StrongStep SARS-CoV-2 Antigen Rapid Test

Description
Rapid immunochromatographic test for the detection of SARS-CoV-2 virus nucleocapsid protein antigen in nasal/nasopharyngeal/saliva swab collected from asymptomatic or symptomatic individuals suspected of being infected with COVID-19 within the first five days of symptom onset.
Latex-conjugated antibodies (Latex-Ab) corresponding to SARS-CoV-2 are dry immobilized at the end of the nitrocellulose membrane strip. SARS-CoV-2 antibodies are bound to the Test Zone (T) and biotin-BSA is bound to the Control Zone (C).
When the sample is added, it migrates by capillary diffusion rehydrating the latex conjugate.
If present in the sample, SARS-CoV-2 antigens will bind to the conjugated antibodies to form particles.

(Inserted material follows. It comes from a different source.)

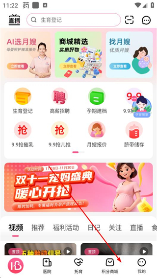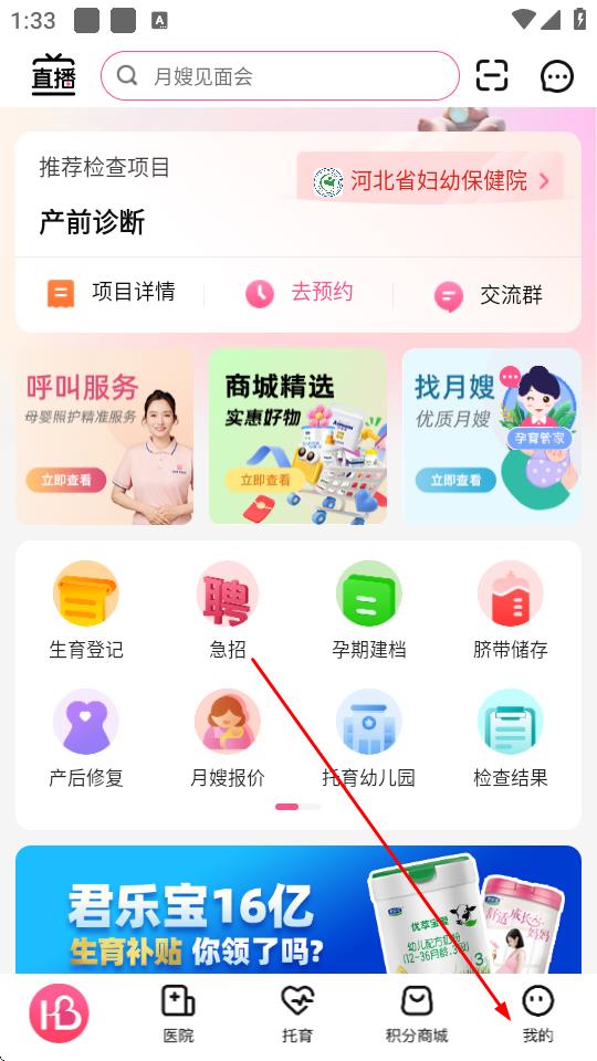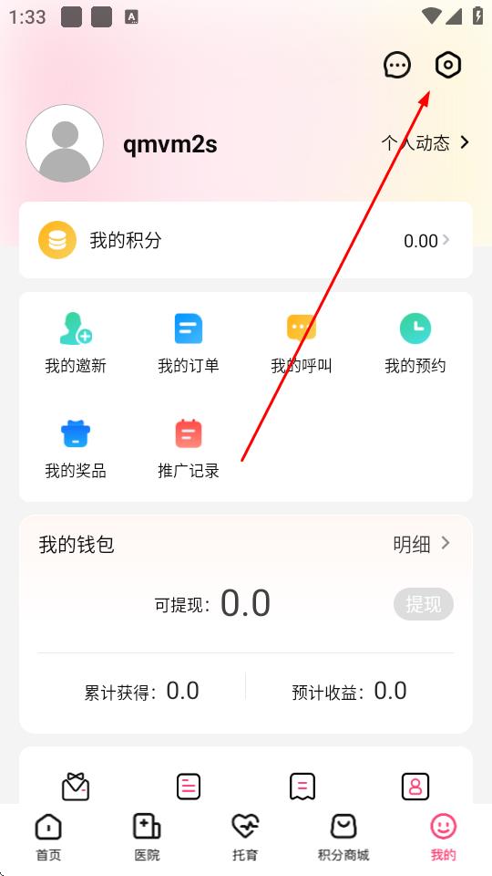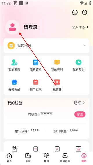 1、在孕健康App首頁點擊底部的我的選項,進入個人中心頁面。

These particles will continue to migrate along the strip to the Test Zone (T) where they are captured by SARS-CoV-2 antibodies generating a visible red line.
If there are no SARS-CoV-2 antigens in the sample, no red line forms in the Test Region (T).
The streptavidin conjugate will continue to migrate on its own until it is captured in the Control Region (C) by biotin-BSA which aggregates into a blue line, indicating the validity of the test.
The test is used as an aid in the diagnosis of COVID-19. It is designed to be used for infection screening and auxiliary diagnosis in symptomatic and asymptomatic people.

How to use
Sample collection and storage
1. Nasal Swab Sample: Insert a swab into one nostril of the patient. The tip of the swab should be inserted within 2.5 cm (1 inch) of the edge of the nostril. Rotate the swab 5 times along the mucosa inside the nostril to ensure that both mucus and cells are collected. Using the same swab, repeat this process for the other nostril to ensure that an adequate sample is collected from both nasal cavities.

2. Nasopharyngeal Swab Sample: Insert a swab into the patient's nose, parallel to the nasal floor and septum. Continue to insert the swab until resistance is felt, indicating contact with the nasopharynx. Once the swab is in the patient's nasopharynx, it is recommended to gently rotate the swab, allowing it to complete two full rotations, to allow the secretions in the nasopharynx to be absorbed. Repeat the same procedure in the other nostril.

3. Saliva sample: Remove the seal from the tube containing the extraction fluid. Install the saliva collection funnel on the tube and spit the saliva into the tube through the funnel. Once finished, remove the funnel from the tube.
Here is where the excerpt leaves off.